◆ Exercise details: Each record is to be copied exactly, with its pictures left behind.

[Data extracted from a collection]

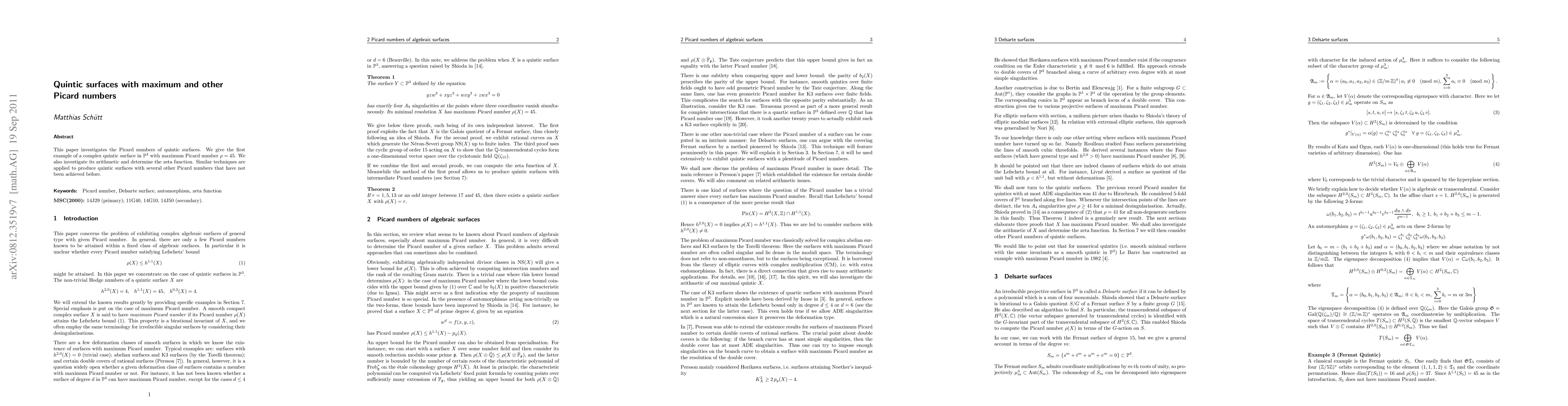 This paper explores the Picard numbers of quintic surfaces, presenting the first example of a complex quintic surface in projective space with the maximum Picard number of 45, along with its arithmetic properties and zeta function. It also develops methods to construct quintic surfaces with previously unachieved Picard numbers.
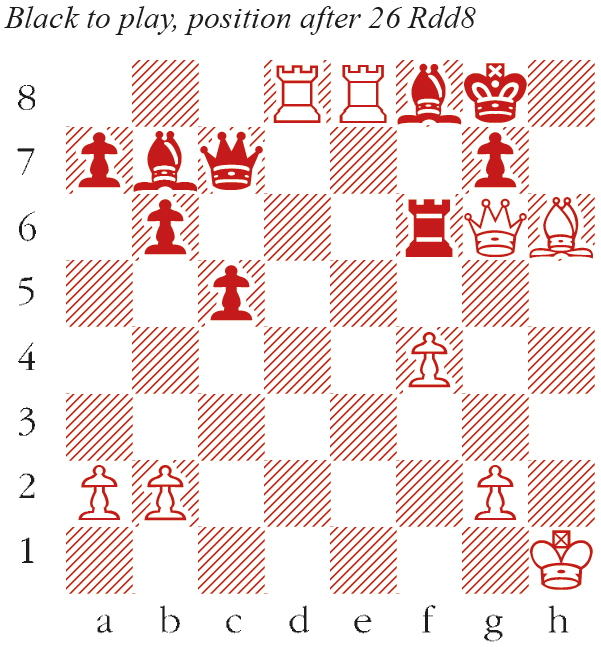 1 d4 d5 2 c4 e6 3 Nf3 Nf6 4 Nc3 c6 5 e3 Nbd7 6 Qc2 b6 7 cxd5 exd5 8 Bd3 Be7 9 O-O Bb7 10 e4 dxe4 11 Nxe4 O-O 12 Ne5 Nxe5 13 dxe5 Nxe4 14 Bxe4 h6 15 e6 Qc7 Walking into a trap. Instead, 15…fxe6 16 Bxh6 gxh6 17 Bxc6 Bxc6 18 Qg6+ leads to a draw. 16 exf7+ Rxf7 17 Bd5! Winning rook for bishop, though the game isn’t over. Rf8 18 Bxh6! Bd6 19 Bxf7+ Rxf7 20 Qg6 Bxh2+ 21 Kh1 Be5 22 Rae1 c5 23 f4 Bd6 24 Re8+ Bf8 25 Rd1  This works out well, but 25 Bg5! was stronger. Rf6 26 Rdd8 (see diagram) Clever, since 26…Rxg6 27 Rxf8+ Kh7 28 Rh8 is mate! But after the cool 26…Bc6! there is nothing better than 27 Rxf8+ Rxf8 28 Qe6+ Qf7 29 Rxf8+ Kxf8 30 Qxc6 gxh6 31 Qxh6+ with a long struggle ahead. Instead: Bxg2+? and the game is over. 27 Qxg2 Rxh6+ 28 Kg1 Rf6 29 Qd5+ Kh7 Black resigns before 30 Rxf8.
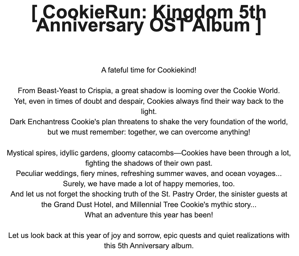 CookieRun: Kingdom Original Soundtrack 5th Anniversary
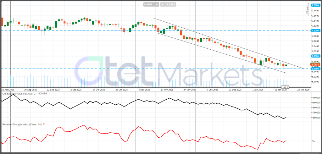 المستويات الرئيسية: المحور الفوري هو 6.965–6.97. استعادته تدعم ارتداداً تصحيحياً. المقاومة تتركز عند 7.000 (محور نفسي)، ثم 7.100، و7.200. على الجانب السفلي، 6.950 هو أقرب “خط في الرمل”، كسره يفتح المجال نحو 6.930–6.920.
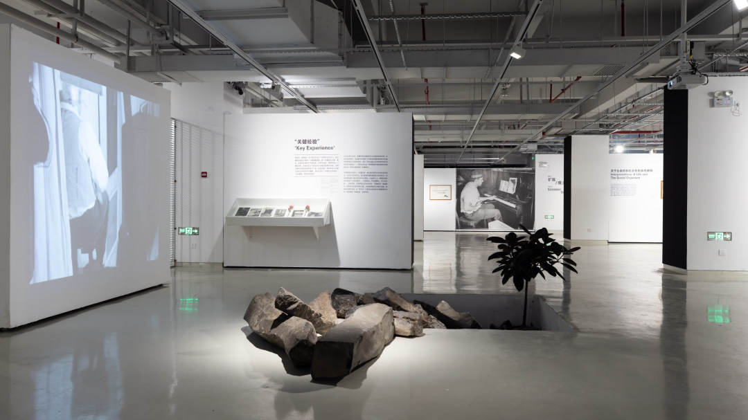 展览场景设计,以广州的建筑石料和常见绿化用树,呼应博伊斯在第七届卡塞尔文献展上的“7000棵橡树”生态艺术项目。
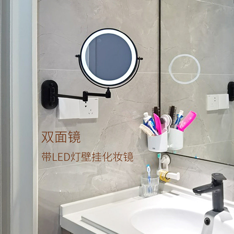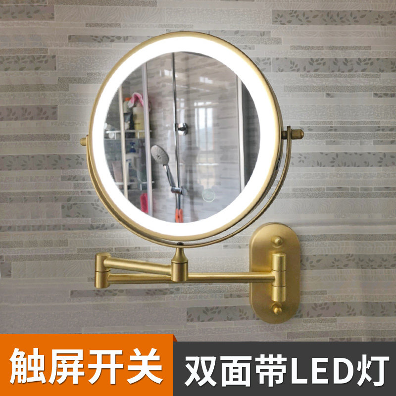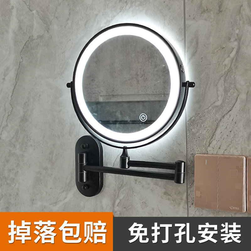 Bathroom mirror Hole-free folding telescopic mirror Magnifying makeup mirror Powder room beauty mirror with lamp makeup mirror Wall hanging
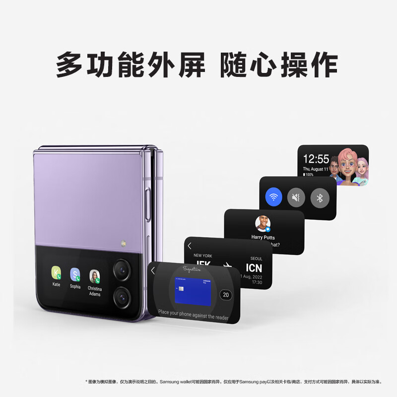 三星Galaxy Z Flip4的整体设计与系列一脉相承,“翻盖”式的掌心折叠带来了精致与小巧,闭合时仅有手掌般大小,放在口袋里刚好合适,非常便于携带。背板配备了康宁大猩猩 Victus+玻璃,边框采用坚固的铝合金框予以加固,确保手机安全,提供幽紫秘境、哥特太空、繁樱花园和蓝海假日4个配色,整机展开薄约6.9mm,重263g。

◆ The completed task:
 This paper explores the Picard numbers of quintic surfaces, presenting the first example of a complex quintic surface in projective space with the maximum Picard number of 45, along with its arithmetic properties and zeta function. It also develops methods to construct quintic surfaces with previously unachieved Picard numbers.
 1 d4 d5 2 c4 e6 3 Nf3 Nf6 4 Nc3 c6 5 e3 Nbd7 6 Qc2 b6 7 cxd5 exd5 8 Bd3 Be7 9 O-O Bb7 10 e4 dxe4 11 Nxe4 O-O 12 Ne5 Nxe5 13 dxe5 Nxe4 14 Bxe4 h6 15 e6 Qc7 Walking into a trap. Instead, 15…fxe6 16 Bxh6 gxh6 17 Bxc6 Bxc6 18 Qg6+ leads to a draw. 16 exf7+ Rxf7 17 Bd5! Winning rook for bishop, though the game isn’t over. Rf8 18 Bxh6! Bd6 19 Bxf7+ Rxf7 20 Qg6 Bxh2+ 21 Kh1 Be5 22 Rae1 c5 23 f4 Bd6 24 Re8+ Bf8 25 Rd1  This works out well, but 25 Bg5! was stronger. Rf6 26 Rdd8 (see diagram) Clever, since 26…Rxg6 27 Rxf8+ Kh7 28 Rh8 is mate! But after the cool 26…Bc6! there is nothing better than 27 Rxf8+ Rxf8 28 Qe6+ Qf7 29 Rxf8+ Kxf8 30 Qxc6 gxh6 31 Qxh6+ with a long struggle ahead. Instead: Bxg2+? and the game is over. 27 Qxg2 Rxh6+ 28 Kg1 Rf6 29 Qd5+ Kh7 Black resigns before 30 Rxf8.
 CookieRun: Kingdom Original Soundtrack 5th Anniversary
 المستويات الرئيسية: المحور الفوري هو 6.965–6.97. استعادته تدعم ارتداداً تصحيحياً. المقاومة تتركز عند 7.000 (محور نفسي)، ثم 7.100، و7.200. على الجانب السفلي، 6.950 هو أقرب “خط في الرمل”، كسره يفتح المجال نحو 6.930–6.920.
 展览场景设计,以广州的建筑石料和常见绿化用树,呼应博伊斯在第七届卡塞尔文献展上的“7000棵橡树”生态艺术项目。
 Bathroom mirror Hole-free folding telescopic mirror Magnifying makeup mirror Powder room beauty mirror with lamp makeup mirror Wall hanging
 三星Galaxy Z Flip4的整体设计与系列一脉相承,“翻盖”式的掌心折叠带来了精致与小巧,闭合时仅有手掌般大小,放在口袋里刚好合适,非常便于携带。背板配备了康宁大猩猩 Victus+玻璃,边框采用坚固的铝合金框予以加固,确保手机安全,提供幽紫秘境、哥特太空、繁樱花园和蓝海假日4个配色,整机展开薄约6.9mm,重263g。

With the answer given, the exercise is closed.